### EXERCISE BRIEF
Apart from the pictures, the listing is to be returned exactly.

○ ○ ○ ○

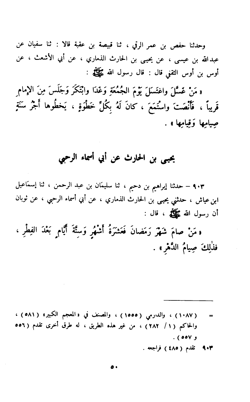 903 - حَدَّثَنَا إِبْرَاهِيمُ بْنُ دُحَيْمٍ، ثَنَا سُلَيْمَانُ بْنُ عَبْدِ الرَّحْمَنِ، ثَنَا إِسْمَاعِيلُ بْنُ عَيَّاشٍ، حَدَّثَنِي يَحْيَى بْنُ الْحَارِثِ الذِّمَارِيِّ، عَنْ أَبِي أَسْمَاءَ الرَّحَبِيِّ، عَنْ ثَوْبَانَ، أَنَّ رَسُولَ اللَّهِ صَلَّى اللهُ عَلَيْهِ وَسَلَّمَ قَالَ: «§مَنْ صَامَ شَهْرَ رَمَضَانَ فَعَشَرَةُ أَشْهُرٍ، وَسِتَّةَ أَيَّامٍ بَعْدَ الْفِطْرِ، فَذَلِكَ صِيَامُ الدَّهْرِ»
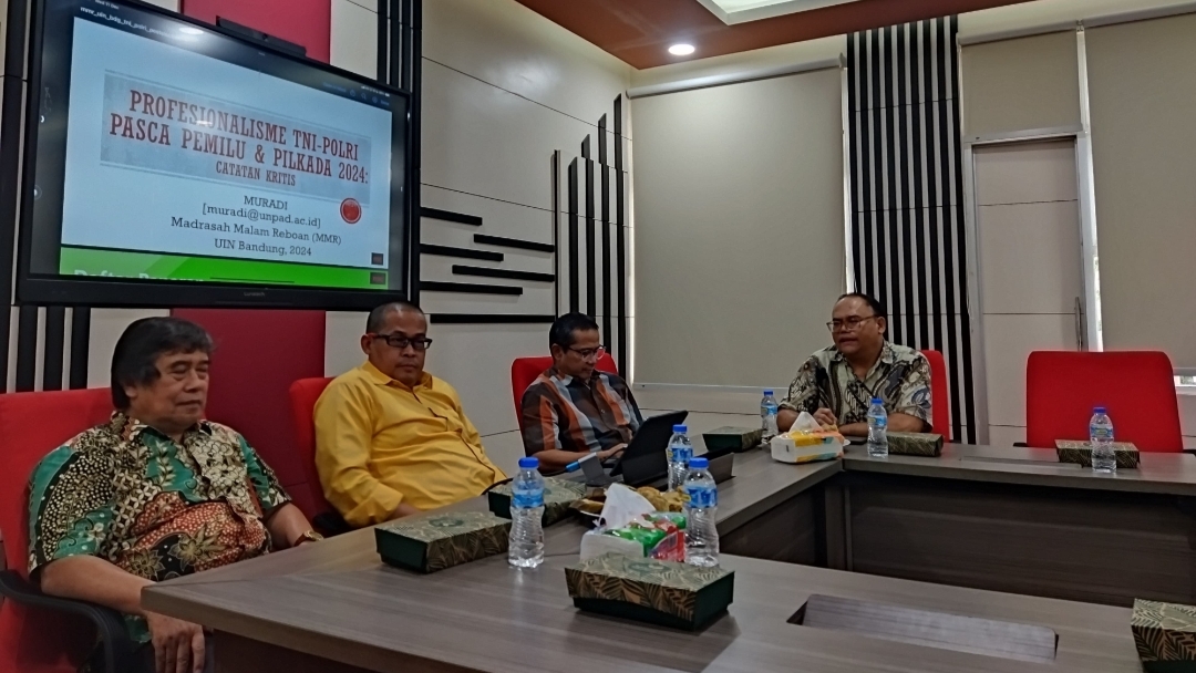 Sebelum masuk ke paparan utama, Prof. Yusuf memperkenalkan Prof. Asep Saeful Muhtadi (Guru Besar Ilmu Komunikasi UIN Bandung) sebagai pembanding dan Prof. Muradi (Guru Besar Ilmu Politik dan Keamanan Universitas Pajajaran) sebagai pemateri utama.
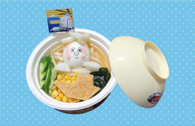 トーマスレストランでは、レスキューチームをイメージした期間限定メニューが新登場。空のヒーロー「ハロルド」がパトロールしている様子をイメージした「ハロルドの冷やしレスキューうどん(スーベニア丼付き)」をはじめ、ピリ辛な味わいが特徴の「フリンの辛口消火坦々うどん」、ハロルドやパーシーをイメージした暑い夏にぴったりなシェイクといったメニューを多数販売いたします。
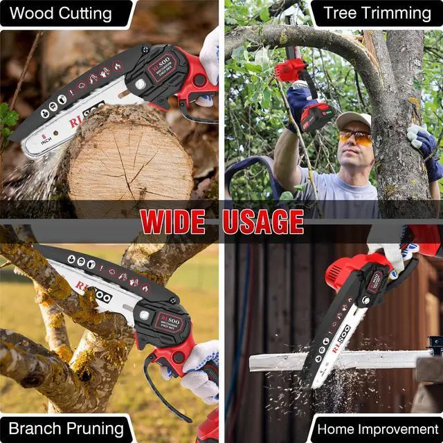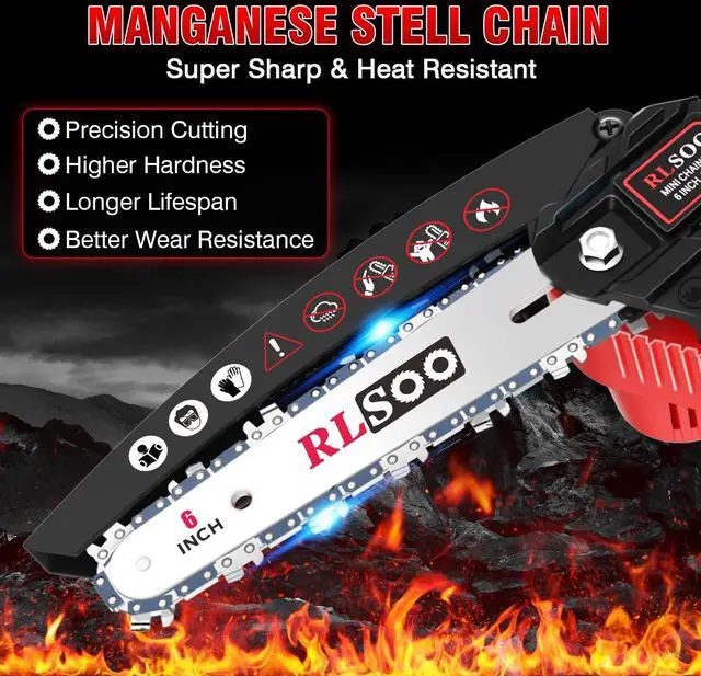 HIGH-EFFICIENCY UPGRADE MOTOR: Discover the RLSOO 6" compact electric chainsaw for shaping hedges and shrubs, featuring a upgrade pure copper motor, which delivers superior power, higher speeds, and a longer lifespan. Enjoy a low-noise operation with faster chain speeds, enhancing your efficiency for cutting, trimming and cutting PVC pipe for DIY like never before
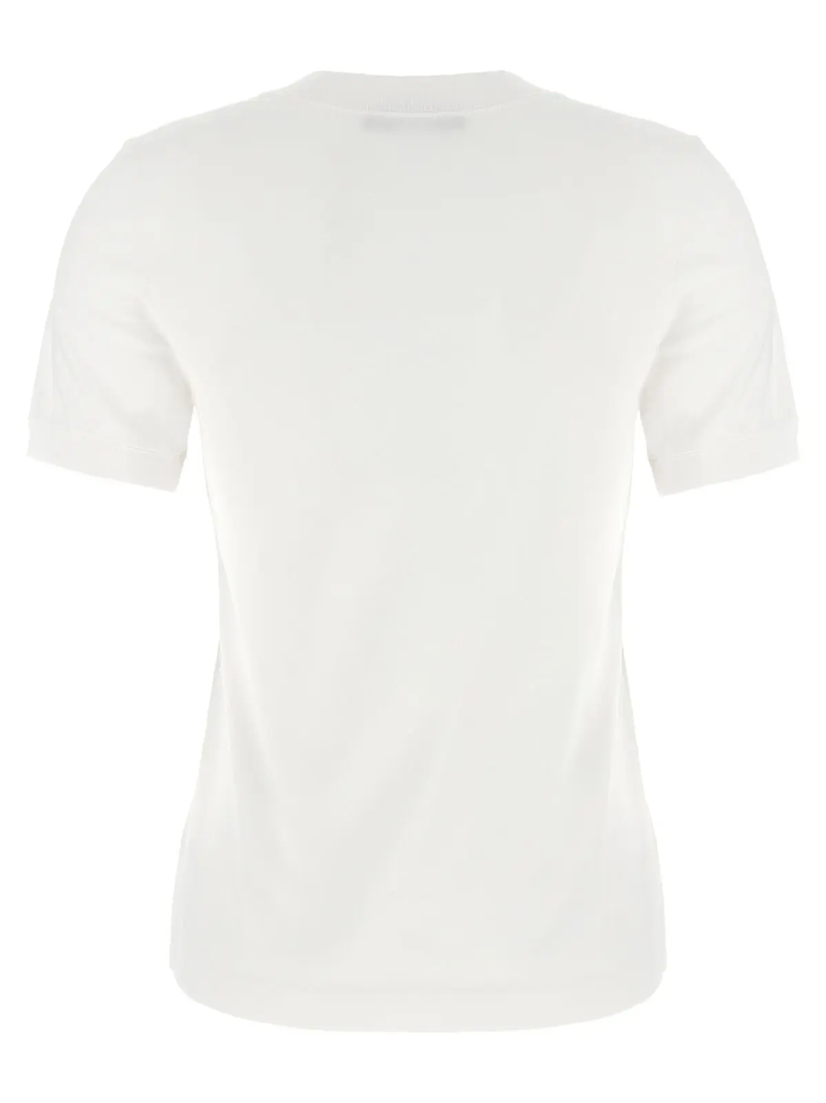 Вишукана жіноча футболка білого кольору з високоякісної бавовни, оздоблена вишитою емблемою та принтом Maiolica спереду, поєднує класичний крій із круглим коміром і короткими рукавами, підкреслюючи статусність, стиль і універсальність у будь-якому образі.
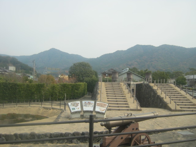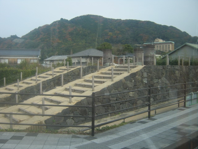 松陰神社のすぐ傍にある、長州藩時代に萩の軍事強化のために活躍した施設を今に伝える広場です。松陰神社の喧騒とはよそに、こちらに関しては訪れる観光客も少なく、ひっそりとした風情でしたが、丁度階段状になっている遺跡のような風情で、個人的にはメキシコのテオティワカンに一瞬迷い込んだかのような、そんなマニアックさも感じられます。

○ ○ ○ ○

### YOUR SOLUTION
 903 - حَدَّثَنَا إِبْرَاهِيمُ بْنُ دُحَيْمٍ، ثَنَا سُلَيْمَانُ بْنُ عَبْدِ الرَّحْمَنِ، ثَنَا إِسْمَاعِيلُ بْنُ عَيَّاشٍ، حَدَّثَنِي يَحْيَى بْنُ الْحَارِثِ الذِّمَارِيِّ، عَنْ أَبِي أَسْمَاءَ الرَّحَبِيِّ، عَنْ ثَوْبَانَ، أَنَّ رَسُولَ اللَّهِ صَلَّى اللهُ عَلَيْهِ وَسَلَّمَ قَالَ: «§مَنْ صَامَ شَهْرَ رَمَضَانَ فَعَشَرَةُ أَشْهُرٍ، وَسِتَّةَ أَيَّامٍ بَعْدَ الْفِطْرِ، فَذَلِكَ صِيَامُ الدَّهْرِ»
 Sebelum masuk ke paparan utama, Prof. Yusuf memperkenalkan Prof. Asep Saeful Muhtadi (Guru Besar Ilmu Komunikasi UIN Bandung) sebagai pembanding dan Prof. Muradi (Guru Besar Ilmu Politik dan Keamanan Universitas Pajajaran) sebagai pemateri utama.
 トーマスレストランでは、レスキューチームをイメージした期間限定メニューが新登場。空のヒーロー「ハロルド」がパトロールしている様子をイメージした「ハロルドの冷やしレスキューうどん(スーベニア丼付き)」をはじめ、ピリ辛な味わいが特徴の「フリンの辛口消火坦々うどん」、ハロルドやパーシーをイメージした暑い夏にぴったりなシェイクといったメニューを多数販売いたします。
 HIGH-EFFICIENCY UPGRADE MOTOR: Discover the RLSOO 6" compact electric chainsaw for shaping hedges and shrubs, featuring a upgrade pure copper motor, which delivers superior power, higher speeds, and a longer lifespan. Enjoy a low-noise operation with faster chain speeds, enhancing your efficiency for cutting, trimming and cutting PVC pipe for DIY like never before
 Вишукана жіноча футболка білого кольору з високоякісної бавовни, оздоблена вишитою емблемою та принтом Maiolica спереду, поєднує класичний крій із круглим коміром і короткими рукавами, підкреслюючи статусність, стиль і універсальність у будь-якому образі.
 松陰神社のすぐ傍にある、長州藩時代に萩の軍事強化のために活躍した施設を今に伝える広場です。松陰神社の喧騒とはよそに、こちらに関しては訪れる観光客も少なく、ひっそりとした風情でしたが、丁度階段状になっている遺跡のような風情で、個人的にはメキシコのテオティワカンに一瞬迷い込んだかのような、そんなマニアックさも感じられます。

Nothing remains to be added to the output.